Variation sets have the same context and meaning, but the vocabulary and grammar change.
Shape bias helps children make sense of commonality in some shapes while ignoring differences. This can be easily taught by saying This is a wug. Can you find the wug?. Vocabulary skyrockets.
Shape bias, variation sets, frames, motionese, object-labeling, all dramatically impact rate and volume of language learning in infants and toddlers.
Chomsky's universal grammar is being slowly displaced by auditory and visual inputs, contingent responses, and intuitive scaffolding, which steer children's attention to the relevant pattern.
It is easy for parents to believe in some innate genius guiding their child's development. They are only seeing the output, not the mechanisms underneath, or their role in the many interactions that scaffold language acquisition. Language skills as innate is being challenged. In studies with fraternal twins, only 25% of language acquisition is due to genetic factors. Overall, language measures are stable in elementary school, but not before then. However, research into language measures taken at age three strongly correlate with academic performance at age nine, so early language ability is an advantage.

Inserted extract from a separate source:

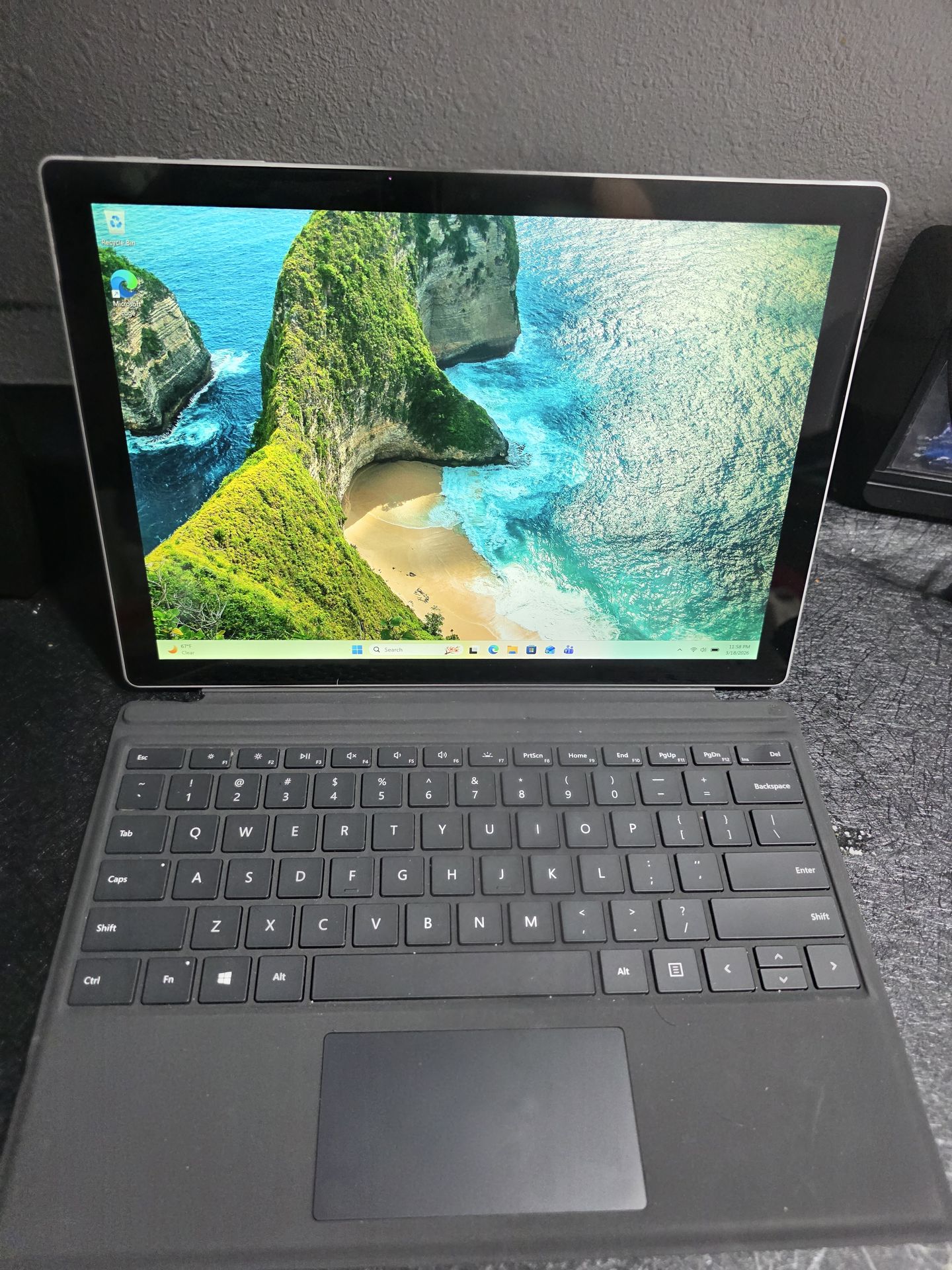 Powerful Microsoft Surface Pro. Has Windows 11 and comes with the detachable keyboard. Microsoft Office Home and Business 2024 is activated. TOUCHSCREEN (keyboard isn't getting detected but does work)

There is a core assumption of positive psychology that positive emotions like gratitude are inherently protective, they ward off problem behavior and prevent troubled moods. The idea that one can feel good, have good well being, and at the same time be stressed out has been overlooked. Gratitude has a positive effect on children who have less affect. However, for children who are normally experience hope and excitement, it can have a negative effect, especially with children who have a strong need for autonomy and independence. Good and bad is not a dichotomy, whether it be actions or emotions.
The main issue with gratitude as with many other issues is the fallacy of similar effect. That is, that children will react as adult do, to various interventions.